▶ _RECORDS PROVIDED_:

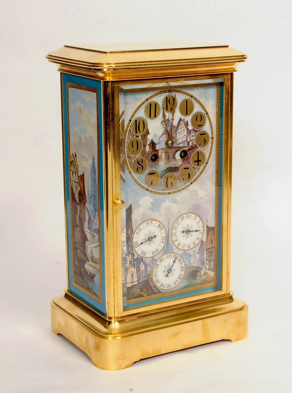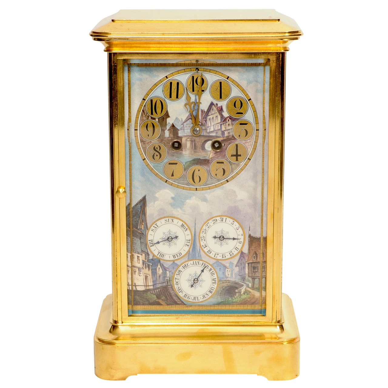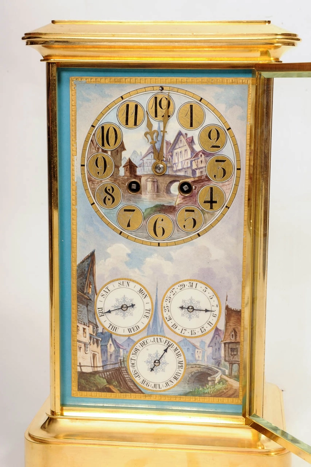 A French Directoire ormolu skeleton clock fine enamel and calendar, Gaston Joly, circa 1795.
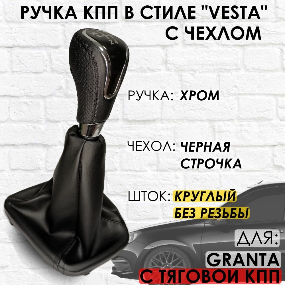Купить Кожаная Ручка КПП с чехлом Granta С кулисой до 2013 г. в. "Веста стиль" (Хром/черная строчка)
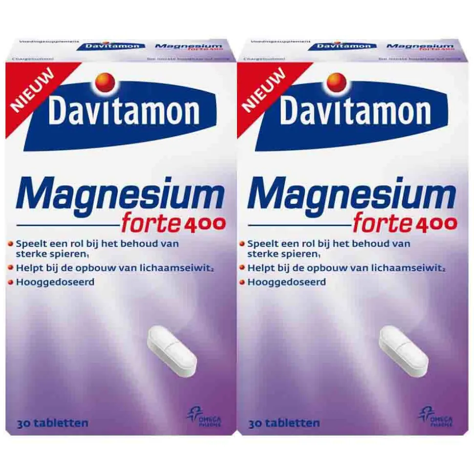 Davitamon Magnesium 400 biedt actieve mensen een steuntje in de rug. Dit voedingssupplement bevat een hoge dosering magnesium, dat goed is voor de spieren en het zenuwstelsel. Magnesium is belangrijk voor het behoud van sterke spieren. Ook speelt magnesium een rol bij de activiteit van bepaalde enzymen, die betrokken zijn bij het energiemetabolisme. Zo draagt magnesium bij aan fitheid.Voedingssupplement met magnesium
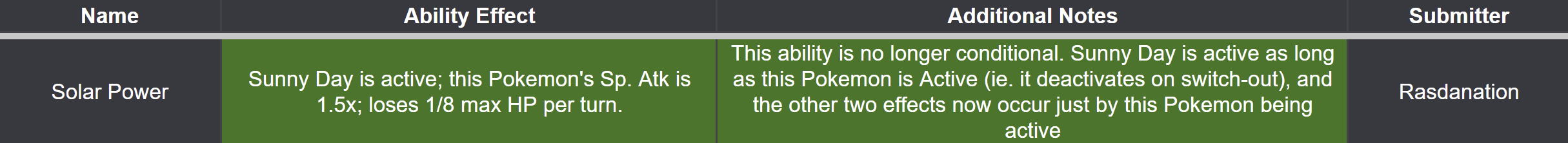 Solar Power: It’s not even a poor man’s Desolate Land, as much as the Sunny Day can be overriden by normal weathers. The 1.5x Special Attack at all time at cost of 12,5% HP loss per turn, alongside one-turn Solar Beam, 75% HP Synthesis (in the case of Sunflora) and effective Water neutrality for the Fire-type users give the wielders a more devastating prowess while simultaneously ruining opposing weather teams and without putting the wielder’s Water-type teammates in jeopardy in Singles.
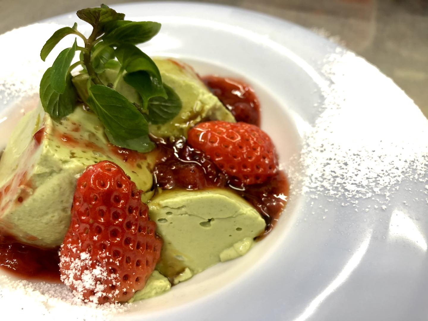 | 抹茶風味のパンナコッタ 黒蜜がけ ¥650 |
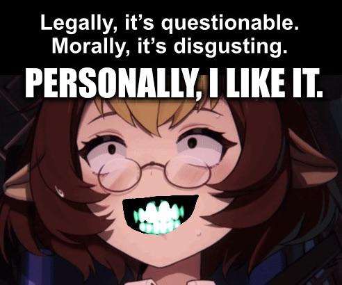 (画像翻訳: 法律的にはグレー、道徳的にはアウト。だが個人的には大好物だわ。)
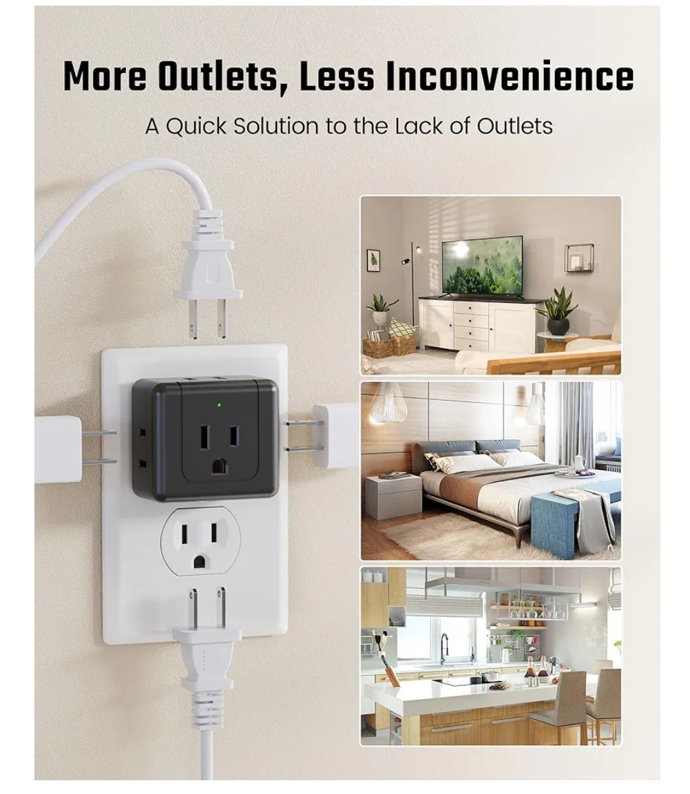 как выглядит SUPERDANNY Wall Outlet Extension Plug 5 Way Splitter Extender - 2 Pack - Black фото
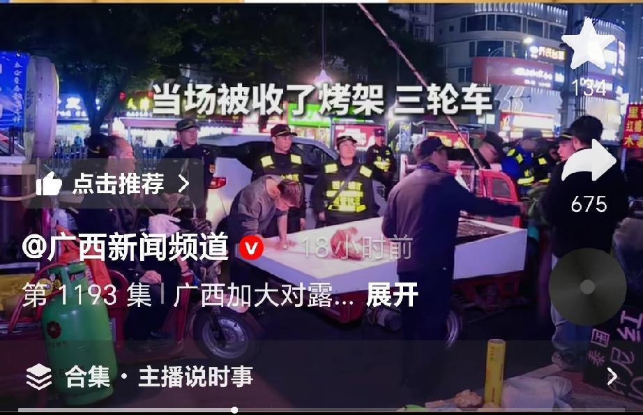 12月以来广西加大对露天烧烤占道炒卖的整治力度,15日南宁公布了5起典型案例,涉及康岭花城、大学西路等地。这些地方的摊主因占道经营、油烟呛人,被当场没收烤架、三轮车,还有人被罚款500元。这些摊点不仅油烟熏得周边居民不满,还占道影响交通。此次城管铁腕出手整治,被认为是实实在在为民办事。新闻强调城市“烟火气”不能以牺牲环境为代价,规范经营才是长久之道,同时也期盼能有长效监管守住这份清爽。(来源于@广西新闻频道 )
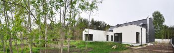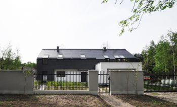 Dom kryty łupkiem jest zlokalizowany w Warszawie w otoczeniu lasu i gęstej zieleni, w sąsiedztwie kilku domów. Inwestorzy pragnęli nowoczesnej architektury, która jednocześnie wpisze się w naturalny charakter otoczenia i zapewni im prywatność.
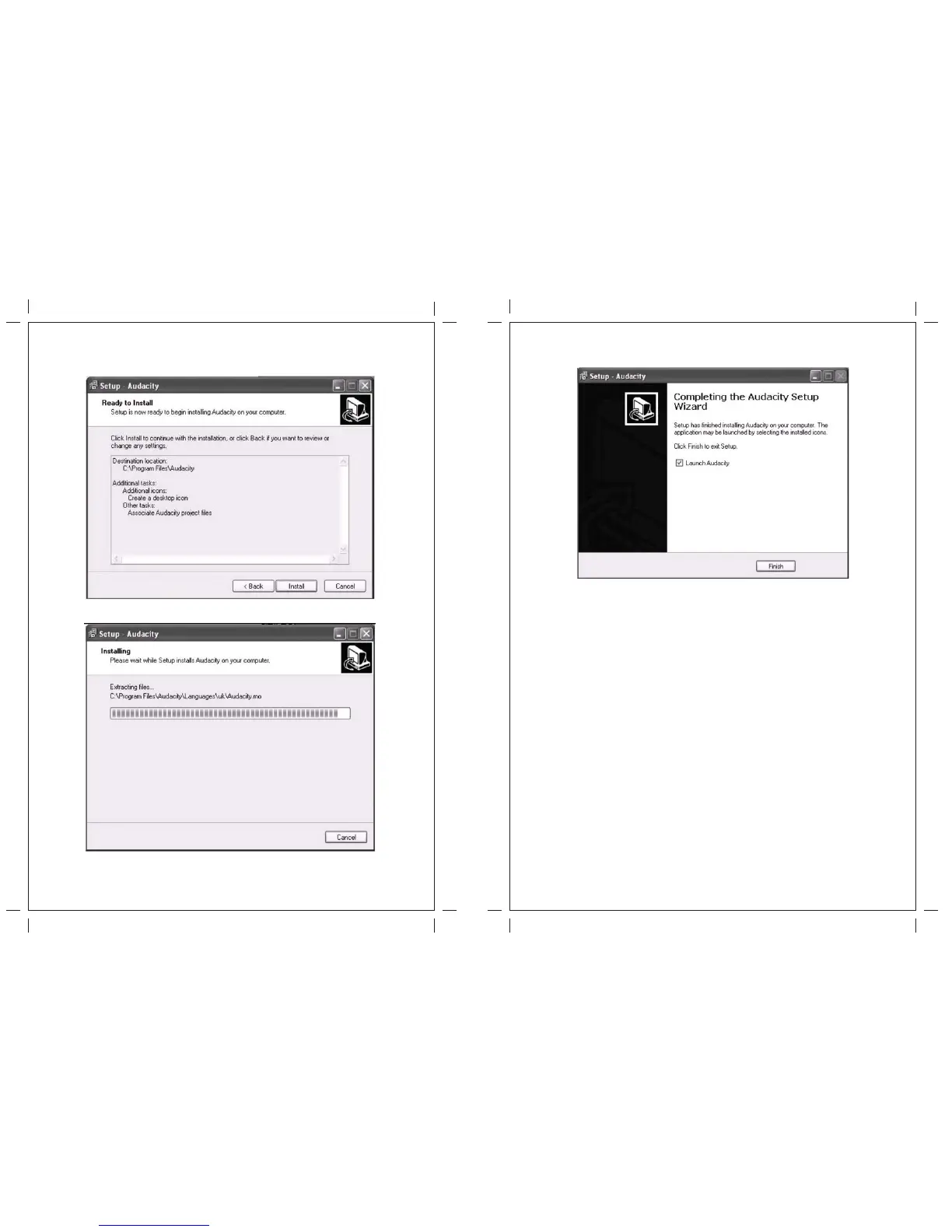 Zennox D3939 - Completing Audacity Installation; Initiating Installation; Finalizing Setup and Launch
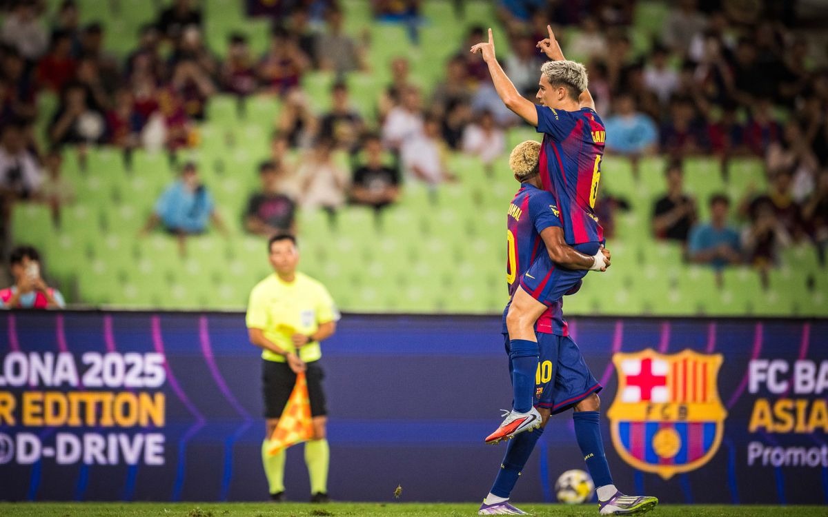 Khoảng thời gian còn lại của hiệp 1, bóng hầu như lăn bên phần sân đội chủ nhà và khung thành Daegu liên tục bị đe dọa. Phút 37, Lamine Yamal thực hiện các động tác xử lý bóng “như Lionel Messi”, loại bỏ 2 cầu thủ thủ đối phương rồi tung ra cú sút chân trái căng từ ngoài khu cấm địa, buộc thủ môn Oh Seung-hoon phải trổ tài.

▶ _WORK TO COMPLETE_:
Would you restate, word for word, the lines from the one holding "Solar Power: It’s" through the end of the material above? Omit the pictures.

▶ _SOLVED PROBLEM_:
 Solar Power: It’s not even a poor man’s Desolate Land, as much as the Sunny Day can be overriden by normal weathers. The 1.5x Special Attack at all time at cost of 12,5% HP loss per turn, alongside one-turn Solar Beam, 75% HP Synthesis (in the case of Sunflora) and effective Water neutrality for the Fire-type users give the wielders a more devastating prowess while simultaneously ruining opposing weather teams and without putting the wielder’s Water-type teammates in jeopardy in Singles.
 | 抹茶風味のパンナコッタ 黒蜜がけ ¥650 |
 (画像翻訳: 法律的にはグレー、道徳的にはアウト。だが個人的には大好物だわ。)
 как выглядит SUPERDANNY Wall Outlet Extension Plug 5 Way Splitter Extender - 2 Pack - Black фото
 12月以来广西加大对露天烧烤占道炒卖的整治力度,15日南宁公布了5起典型案例,涉及康岭花城、大学西路等地。这些地方的摊主因占道经营、油烟呛人,被当场没收烤架、三轮车,还有人被罚款500元。这些摊点不仅油烟熏得周边居民不满,还占道影响交通。此次城管铁腕出手整治,被认为是实实在在为民办事。新闻强调城市“烟火气”不能以牺牲环境为代价,规范经营才是长久之道,同时也期盼能有长效监管守住这份清爽。(来源于@广西新闻频道 )
 Dom kryty łupkiem jest zlokalizowany w Warszawie w otoczeniu lasu i gęstej zieleni, w sąsiedztwie kilku domów. Inwestorzy pragnęli nowoczesnej architektury, która jednocześnie wpisze się w naturalny charakter otoczenia i zapewni im prywatność.
 Zennox D3939 - Completing Audacity Installation; Initiating Installation; Finalizing Setup and Launch
 Khoảng thời gian còn lại của hiệp 1, bóng hầu như lăn bên phần sân đội chủ nhà và khung thành Daegu liên tục bị đe dọa. Phút 37, Lamine Yamal thực hiện các động tác xử lý bóng “như Lionel Messi”, loại bỏ 2 cầu thủ thủ đối phương rồi tung ra cú sút chân trái căng từ ngoài khu cấm địa, buộc thủ môn Oh Seung-hoon phải trổ tài.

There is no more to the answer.